Problem statement
Reproduce every line of the material below, but drop the pictures.

>>>>>

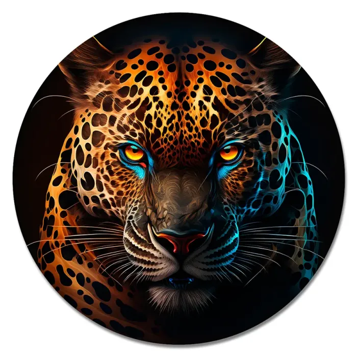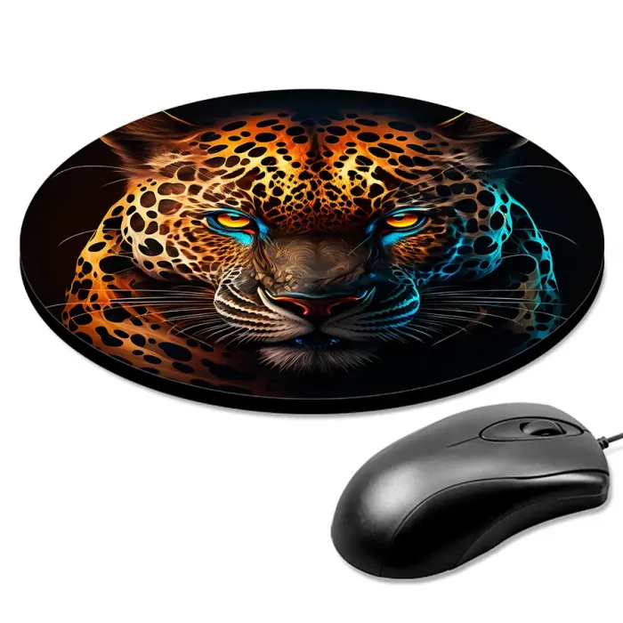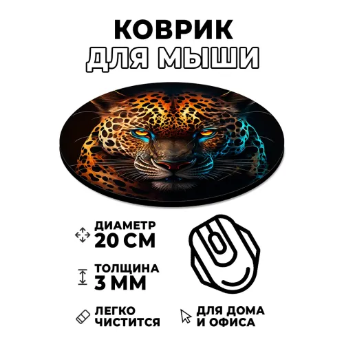 Коврик для компьютерной мыши круглой формы с изображением леопарда.
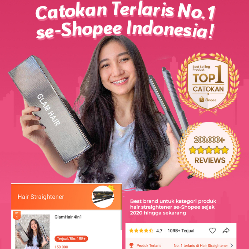 Catokan Rambut Glam Hair 4in1 Bisa Untuk Curly, Volume, Blow dan Meluruskan Rambut
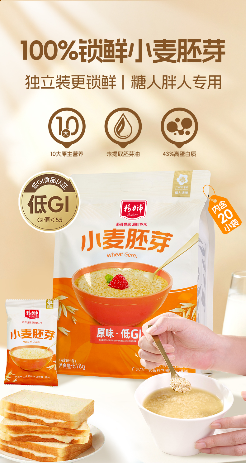 精力沛小麦胚芽高纤维高蛋白低GI618g(独立包装20袋)
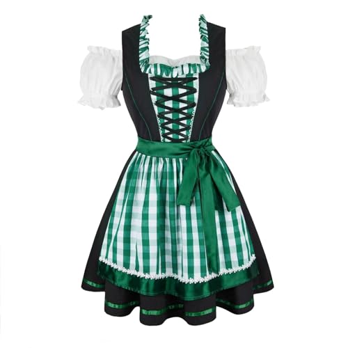 QJIRZB Oktoberfest outfit kvinnor bayersk dirndl klänning maskeraddräkt halloween 3-delat set karneval traditionell (grönvit, S)
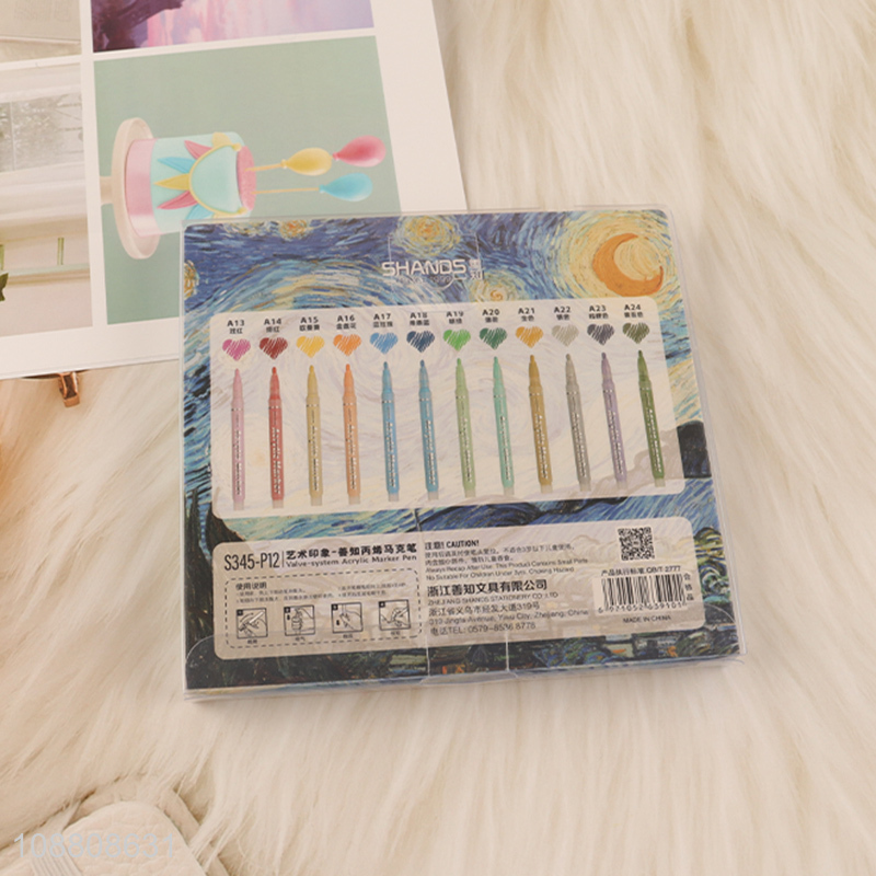 Wholesale 12 colors non-toxic acrylic paint markers for rock painting
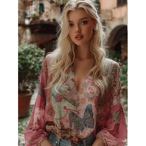 Per donna Camicia Floreale Elegante Bohemien Vintage Manica Lunga Scollo a V Top Regolari Quotidiano Ferie Patchwork Stampato Rosa Estate Primavera
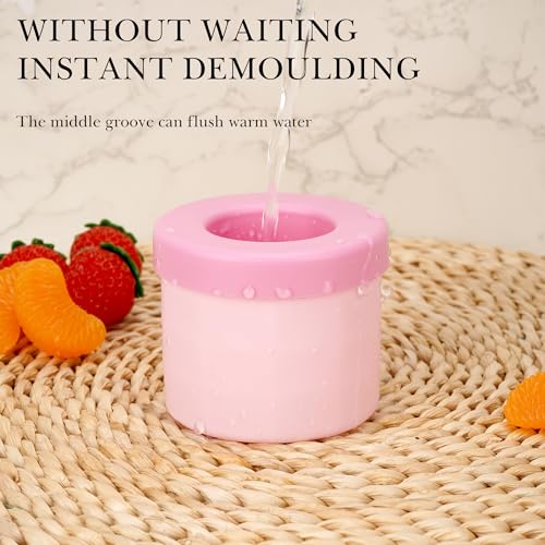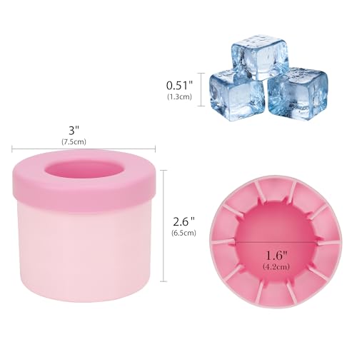 LUEXBOX - قوالب مكعبات ثلج اسطوانية من السيليكون، قوالب مكعبات ثلج سهلة الفك للكوكتيلات والويسكي والقهوة والمشروبات، كوب صانع دلو الثلج المحمول بتصميم ضغط، سعة 40 قطعة من مكعبات الثلج (بينك)

<<<<<

Exercise solution
 Коврик для компьютерной мыши круглой формы с изображением леопарда.
 Catokan Rambut Glam Hair 4in1 Bisa Untuk Curly, Volume, Blow dan Meluruskan Rambut
 精力沛小麦胚芽高纤维高蛋白低GI618g(独立包装20袋)
 QJIRZB Oktoberfest outfit kvinnor bayersk dirndl klänning maskeraddräkt halloween 3-delat set karneval traditionell (grönvit, S)
 Wholesale 12 colors non-toxic acrylic paint markers for rock painting
 Per donna Camicia Floreale Elegante Bohemien Vintage Manica Lunga Scollo a V Top Regolari Quotidiano Ferie Patchwork Stampato Rosa Estate Primavera
 LUEXBOX - قوالب مكعبات ثلج اسطوانية من السيليكون، قوالب مكعبات ثلج سهلة الفك للكوكتيلات والويسكي والقهوة والمشروبات، كوب صانع دلو الثلج المحمول بتصميم ضغط، سعة 40 قطعة من مكعبات الثلج (بينك)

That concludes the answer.